● **Task item**
Check each line of the entries below for the string "técnica"; copy every line where it appears.

● **Input data**
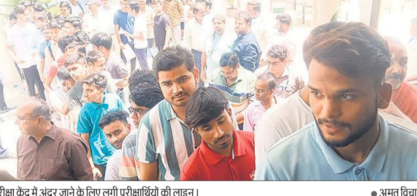
परीक्षा केंद्र में अंदर जाने के लिए लगी परीक्षार्थियों की लाइन।

अमृत विचार: नेशनल एलिजिविलिटी कम एंट्रेस टेस्ट (नीट) - यूजी परीक्षा रविवार को सात केंद्रों पर संपन्न हो गई। परीक्षा में जिले में 3097 परीक्षार्थी आवंटित किए गए थे, जिसमें 3014 परीक्षार्थी परीक्षा में शामिल हुए और मात्र 83 अभ्यर्थी अनुपस्थित हुए। अपराह्न दो से शाम 5.20 बजे तक चलने वाली परीक्षा के लिए परीक्षार्थियों को तीन घंटे पहले बुलाया गया था। चिलचिलाती धूप में तीन घंटे पहले केंद्र पर लाइन में खड़े परीक्षार्थी खासे परेशान होते रहे। कई बार परीक्षार्थियों के साथ पहुंचे अभिभावक भी गर्मी के कारण बिफरते रहे। नीट परीक्षा को नकलविहीन और निर्विघ्न संपन्न कराने के लिए सघन तलाशी की व्यवस्था प्रत्येक केंद्र पर की गई थी। महिला परीक्षार्थियों की तलाशी के लिए सभी केंद्रों पर ब्लैक केबिन बनाए
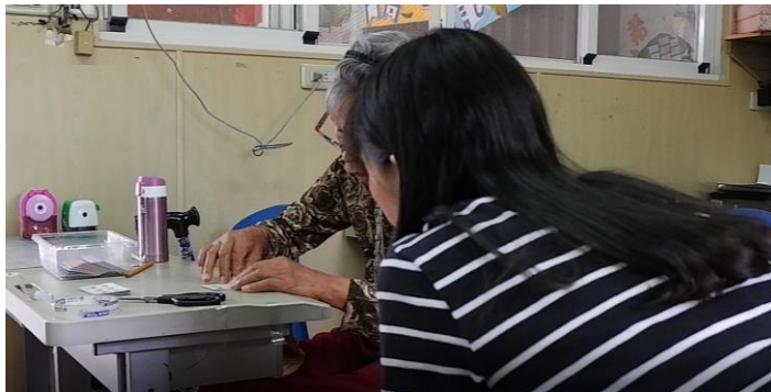
教長輩製作當日課程的勞作（用撲克牌做成的窗簾）
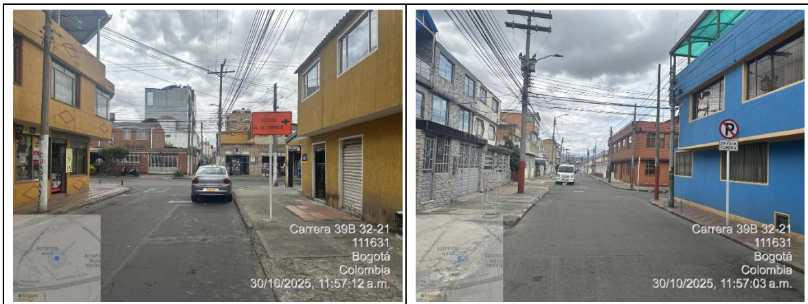
Tabla 1. Registro fotográfico visita técnica.

La SDM realizó una visita técnica al sitio indicado en la solicitud el 30 de octubre de 2025. A continuación, se presenta el registro fotográfico.
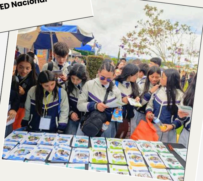
Congreso de Filosofía Colegio Bilingüe San Juan de Ávila

● **Output for this task**
Tabla 1. Registro fotográfico visita técnica.
La SDM realizó una visita técnica al sitio indicado en la solicitud el 30 de octubre de 2025. A continuación, se presenta el registro fotográfico.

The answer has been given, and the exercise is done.